Hadoop+Hive+Hbase完全分布式安装实录

   在成熟平台上学习了hadoop的基本知识后,开始尝试自己搭建hadoop平台,在搭建伪分布式成功的基础上,进行了真正分布式的部署。
    前期搭建的伪分布式,采用的版本分别是:hadoop-1.2.1+apache-hive-0.13.0+hbase-0.98.1,这个版本组合经过测试可以正常使用,所有搭建分布式的环境也采用了这些版本。

环境规划
机器名    IP             角色
master 100.2.12.85 nameNode,master,jobtracker
slave1 100.2.12.13 Datanode,slave,tasktracker
slave2 100.2.12.97 Datanode,slave,tasktracker
slave3 100.2.12.94 Datanode,slave,tasktracker

一、Hadoop安装
1、根据规划对各个机器设置hostname
2、配置/etc/hosts,每台机器上采用相同的配置
100.2.12.85 master
100.2.12.13 slave1
100.2.12.97 slave2
100.2.12.94 slave3
3、可以新建一个用户,用来安装hadoop,比如新建用户hadoop,也可以再root进行分布式部署。
useradd hadoop
passwd hadoop
4、配置ssh免登陆
这一块折腾了一会,因为不明白公钥、私钥的原理,如果想深入了解一下可以参考一个文章,http://www.blogjava.net/yxhxj2006/archive/2012/10/15/389547.html;
a、ssh-keygen -t dsa -P ''
b、cat ~/.ssh/id_dsa.pub >> ~/.ssh/authorized_keys
如果想让多台机器互相免密码登陆,即maser登陆slave1,slave1登陆master,只要把各自的id_rsa.pub 追加到对方的authorized_keys即可。把mster的公钥追加到slave1的keys种,slave1的公钥追加到maset的keys中,这样就master与slave1就可以免密码登陆了。以此类推配置其它节点。
5、部署hadoop
a、tar解压hadoop压缩包,mv重命名伟hadoop。
b、修改配置文件
修改conf/Hadoop-env.sh,配置java_home
修改conf/core-site.xml,创建文件夹/home/hadoop/tempdir
<configuration>
<property>
   <name>fs.default.name</name>
      <value>hdfs://master:9000</value>
      </property>
      <property>
          <name>hadoop.tmp.dir</name>
              <value>/home/hadoop/tempdir</value>
              </property>
              </configuration>
c、修改hdfs-site.xml配置
<configuration>
<property>
   <name>dfs.replication</name>
      <value>2</value>
      </property>
      </configuration>
d、修改mapred-site.xml配置
<configuration>
<property>
     <name>mapred.job.tracker</name>
        <value>master:9001</value>
        </property>
        </configuration>
e、配置masters
master
f、配置slave
slave1
slave2
slave3
到此hadoop需要的配置已经完成了,用scp命令将hadoop发送到slave1~slave3。
发送完成后进行格式化
hadoop namenode –format
格式化成功后,start-all.sh 启动hadoop集群,通过jps查看启动状态。
你可以通过命令
Hadoop dfsadmin –report
查看集群状态
或者通过http://master:50070;http://master:50030查看集群状态。
二、Hive的安装
Hive的安装相对比较简单,只需修改几个配置就行。Hive自动了元数据库,但使用不方便,因为自带的数据库如果进入hive shell的路径不一致,就看不到对应的表,如从/home进入hive建的表,从/home/hadoop,路径进入hive则看不到刚才建的表,所有建议单独安装数据库作为元数据库,我安装了mysq数据库,作为Hive的元数据库。
1、安装myslq,最好采用yum或apt-get的方式安装,不同的平台的采取不同方式,这样可以省去很多麻烦,避免了解决依赖包的问题。
安装完myslq之后,需要做一点配置。
设置密码:
MySQL在刚刚被安装的时候,它的root用户是没有被设置密码的。首先来设置MySQL的root密码。

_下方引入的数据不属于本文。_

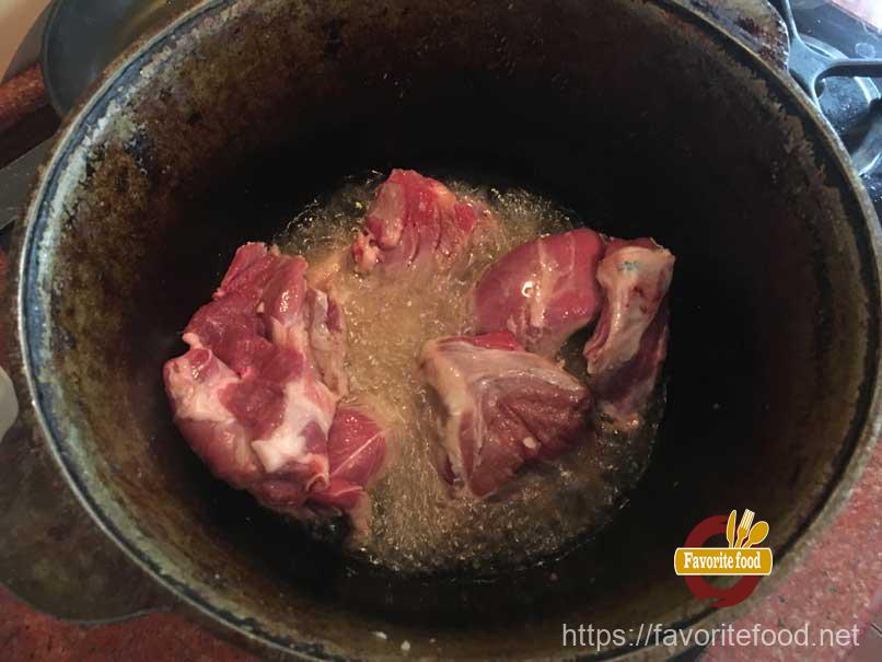 - Если будем готовить на масле, то нальем в казан масло и дадим ему хорошо нагреться. В разогретый хорошо казан опускаем мясо.
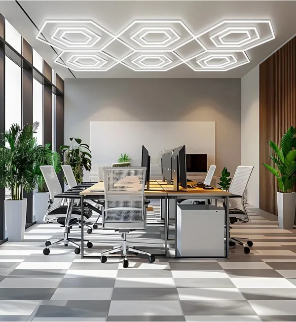 Hexagoanele Luminoase redefinesc conceptul de iluminare, de aceea este indicat in showroom -uri si barber shop-uri unde este necesara multa lumina.
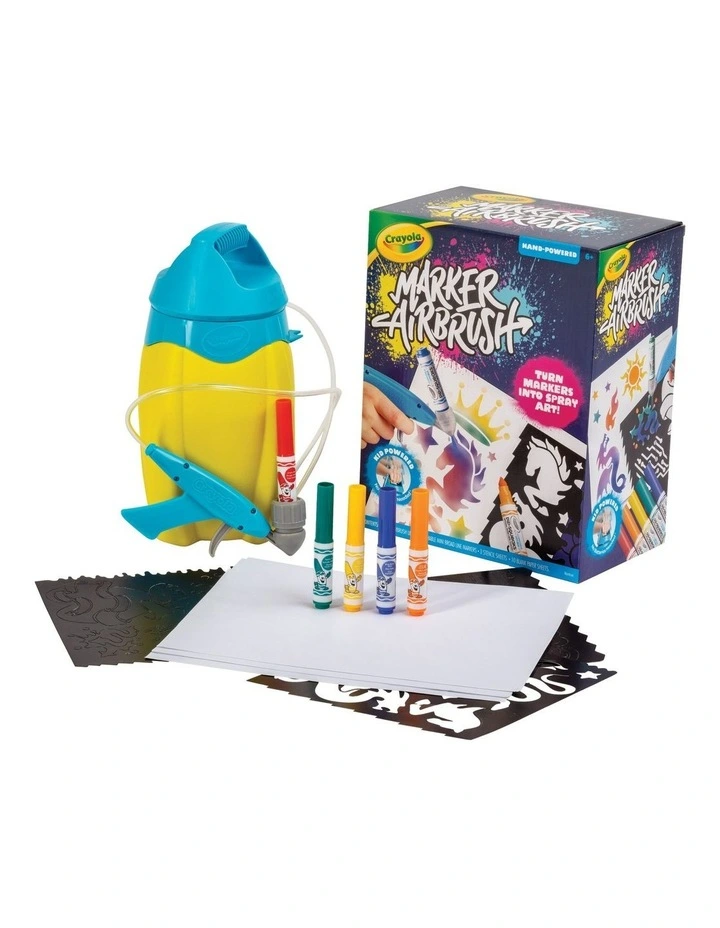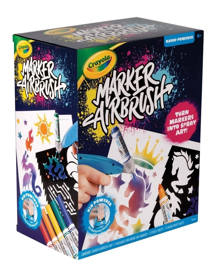 Use Crayola markers in a fun new way with the Marker Airbrush Set. This hand pressurised airbrush machine uses Crayola’s Washable Mini Broad Line Markers to create a fine mist that’s great for all kinds of art projects. Included Stencil Sheets provide guidance so kids can easily produce beautiful and precise airbrush creations on paper and fabrics.
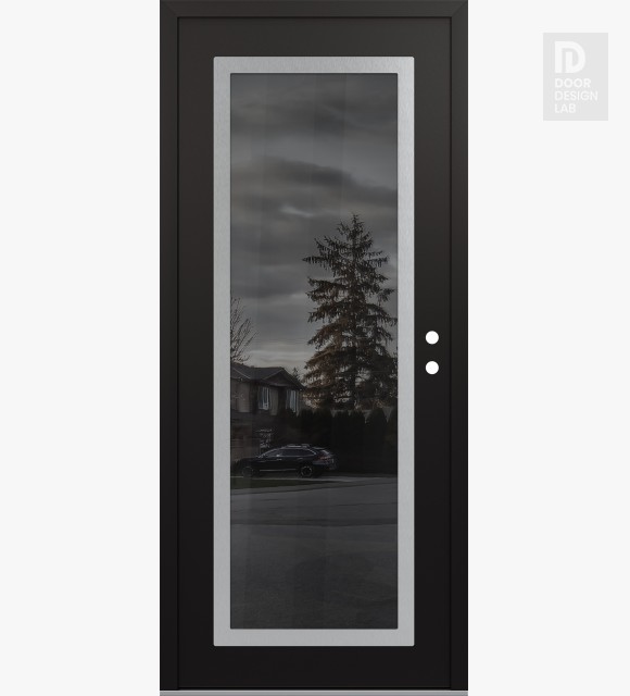 Modern Steel Front Door Diamond C1 36" x 80" black/black mirrored Glass Panel stainless steel LHI
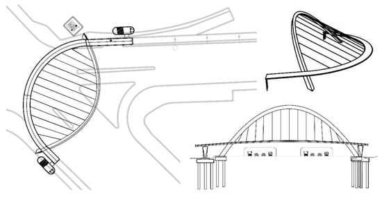 Yuanshan Bridge is a single-side suspension curvilinear basket arch bridge, located in Xiamen, China. The total length of the bridge is about 130 m, and the span layout is 10.49 m (southern side) + 91.92 m + 27.43 m (northern side). The side spans are built in the form of continuous beam structures, and the main span is an inclined single-side suspension arch bridge. The main arch of the bridge is 29 m high with an out-of-plane tilt of about 28°. The plane of the main span girder is on an arc with a radius of 37.16 m, and the total width of the bridge deck is 4.4 m. The bridge deck and the arch are connected by cables with a spacing of 5 m, and the inclined angles of hangers range from 23° to 28°. Layout of the Yuanshan Bridge Project is shown in Figure 1.
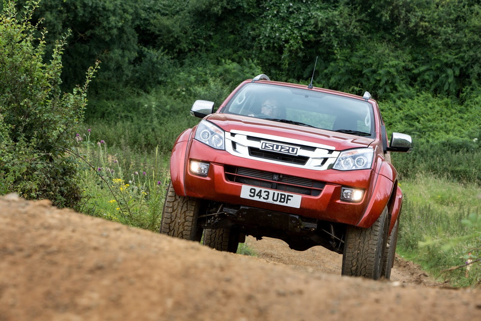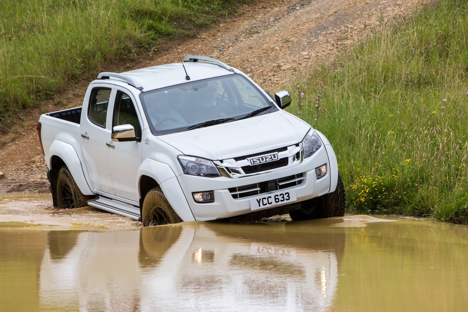 The AT35 is by far the most robust and capable pick-up that Isuzu UK has ever built. It features the regular D-Max’s 2.5-liter turbodiesel engine, one-tonne (2,204 lbs) payload and 3.5 tonne (7,716 lbs) towing capacities, yet adds multiple key enhancements such as a re-engineered suspension, Fox Performance dampers, all-terrain 35″ tires, widened arches and an increased ride height by an extra 125 mm (4.9 in).

[root@sample ~]# mysql -u root  ← 用root用户登录MySQL服务器
Welcome to the MySQL monitor. Commands end with ; or \g.
Your MySQL connection id is 2 to server version: 4.1.20

Type 'help;' or '\h' for help. Type '\c' to clear the buffer.

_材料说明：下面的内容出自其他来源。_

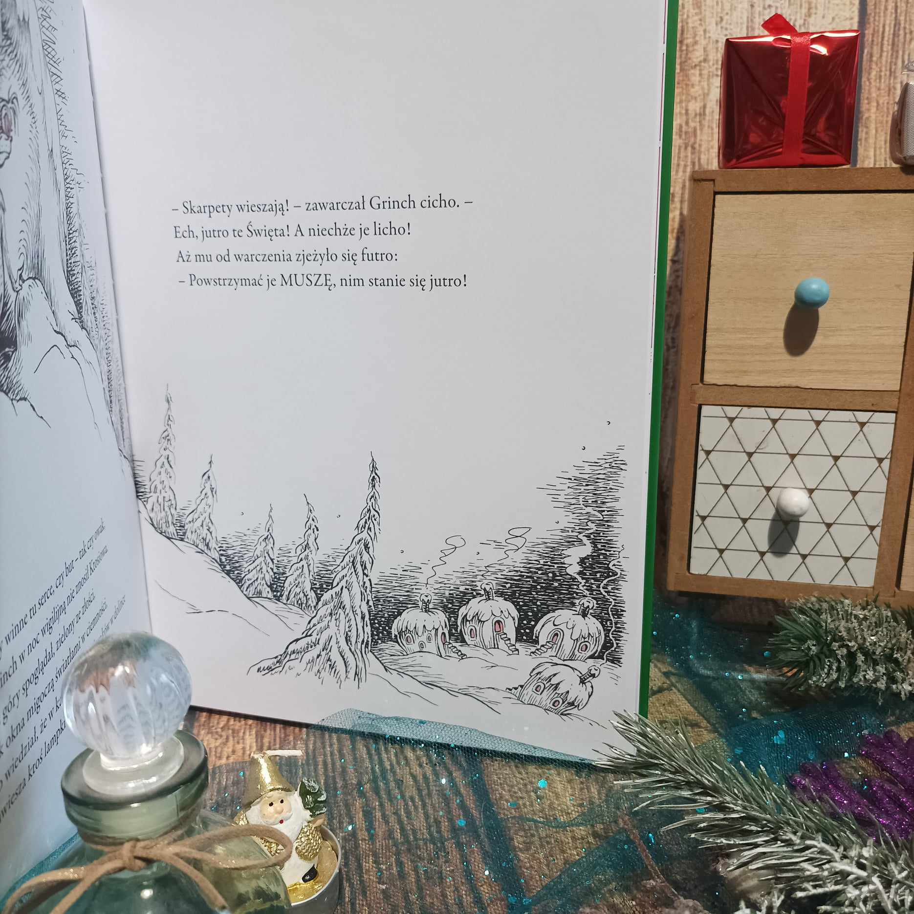 Trzeba przyznać, że Theodor Seuss Geisel swoimi ilustracjami stanowi dużą odmianę od tych słodkich i kolorowych w świątecznych tytułach. A jednak te czarno białe prace z przełamaniem czerwieni mają w sobie coś takiego, co zwraca uwagę czytelnika w każdym wieku. Kreska trochę komiksowa, ale co najbardziej zwraca uwagę, to sam Grinch, będący słodko-wrednym stworzeniem. Mina wskazuje, że knuje/robi coś niezwykle złego, ale przy tym jest… uroczy.
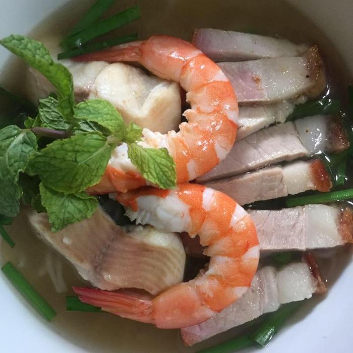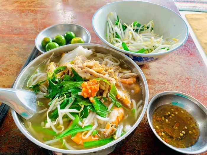 Illustrative ImageBún Nước Lèo Bà Xím claims the 7th spot on our list. Located at 45 Phú Lợi, it is a favored destination for noodle soup lovers in Sóc Trăng. The restaurant offers a spacious and clean environment with prompt and efficient service. A steaming bowl of Bún Nước Lèo Bà Xím is a symphony of fragrant lemongrass, golden broth, and a rich yet refreshing taste. The carefully prepared broth and smooth, resilient rice noodles create a harmonious blend. The soul of this Sóc Trăng specialty lies in the distinctive fish sauce made from bò hóc fish, a traditional Khmer delicacy. Accompanied by an array of fresh vegetables and three main ingredients – boiled snakehead fish, peeled shrimp, and crispy roasted pork – the dish promises a delightful culinary experience.
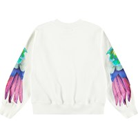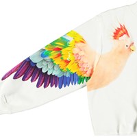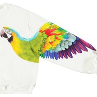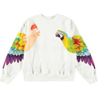 Hvid sweatshirt i blødt økologisk bomuld med ribkanter ved hals, ærmer og i bunden. Sweatshirten har en løs pasform med et farverigt print af papegøjer på hvert ærme.
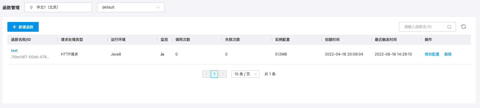 通过函数管理页面函数列表,您可查看函数的关键信息,包含函数名称/ID、请求处理类型、运行环境、监控、调用次数、失败次数、实例配置、创建时间、最近触发时间。
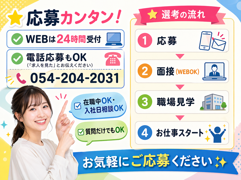 選考プロセス WEBまたは電話で応募OK! ✅WEBは24時間受付 ✅電話応募は「求人を見た」と お伝えください。 \ 選考はシンプル! / ① 応募 ② 面接(=登録) ※WEB面接可 ※履歴書(写真付)をご用意ください ③ 職場見学 ④ 就業スタート \ こんな方も安心 / ▶ 在職中の方も応募OK ▶ 面接日・入社日は相談OK ▶ 質問だけでもOK お気軽にご応募、 お問い合わせください✨ ================= 【当社(派遣元企業)について】 ================= 本求人は、富士テクノロジー株式会社による 人材派遣のお仕事です。 当社は、企業の業務サポートなどを手がけ 地域に根ざした実績を持つ会社です。 人材派遣部門では、ご希望やご経験を 丁寧に伺い、お一人おひとりに合った お仕事をご紹介しています。 派遣が初めての方もご安心ください。 お仕事開始前のヒアリングから入社手続き 就業後のフォローまで、 担当者がしっかりサポートいたします。 また、社会保険や有給休暇などの 福利厚生も整っており、 安心して働ける環境をご用意しています!

mysql>grant all on mysql.* to 'root'@'localhost' identified by 'password';
之后 就可以通过密码登录mysql了。


设置远程访问:

首先,在MySQL服务器上本地登录,使用下面的命令登录:
# mysql-u root -p
然后,使用权限管理命令将所有表的所有权限授予用户,下面继续以root为例(需要注意的是用户名root,被授权主机%,登录密码password需要被单引号括起来):
mysql> grant all privileges on *.* to 'root’@'%’ identified by 'password';
2、tar 解压hive压缩包
修改配置文件
hive的配置文件放在HIVE_HOME/conf目录下,我们需要修改hive-env.sh和hive-site.xml这两个文件。
ls之 后发现并没有这两个文件,但是有hive-env.sh.template,hive-default.xml.template,我们须复制这两个文 件,并分别命名为hive-env.sh,hive-site.xml。
一般还有一个hive-default.xml文件,同样由hive- default.xml.template复制而来。hive-default.xml是默认配置,hive-site.xml是个性化配置,将会覆盖 hive-default.xml配置。
a、修改hive-env.sh配置文件
将export HADOOP_HEAPSIZE=1024前面的‘#’去掉,当然可以根据自己的环境对这个默认的1024进行优化;
将export HADOOP_HOME前面的‘#’号去掉,并让它指向您所安装hadoop的目录,我的/home/hadoop/hadoop;
将export HIVE_CONF_DIR=/home/hadoop/hive/conf,并且把‘#’号去掉;
将export HIVE_AUX_JARS_PATH=/home/hadoop/hive/lib,并且把‘#’号去掉。
b、修改hive-site.xml
<property>
  <name>hive.metastore.warehouse.dir</name>
  <value>/user/hive/warehouse</value>#hdfs下的目录
  <description>location of default database for the warehouse</description>
</property>
#存放hive相关日志的目录
<property>
  <name>hive.querylog.location</name>
  <value>/usr/hadoop/hive/log</value>#需要自己手动创建对应目录
  <description>
    Location of Hive run time structured log file
  </description>
</property>
c、在hive-site.xml下配置mysql元数据库
<configuration>
    <property>
        <name>hive.metastore.local</name>
        <value>true</value>
    </property>
    <property>
        <name>javax.jdo.option.ConnectionURL</name>
        <value>jdbc:mysql://192.168.11.157:3306/hive</value>
    </property>
    <property>
        <name>javax.jdo.option.ConnectionDriverName</name>
        <value>com.mysql.jdbc.Driver</value>
    </property>
    <property>
        <name>javax.jdo.option.ConnectionUserName</name>
        <value>hive</value>
    </property>
    <property>
        <name>javax.jdo.option.ConnectionPassword</name>
        <value>mysql</value>
    </property>
</configuration>
根据实际情况做对应的修改。并下载mysql的驱动复制到hive/lib中。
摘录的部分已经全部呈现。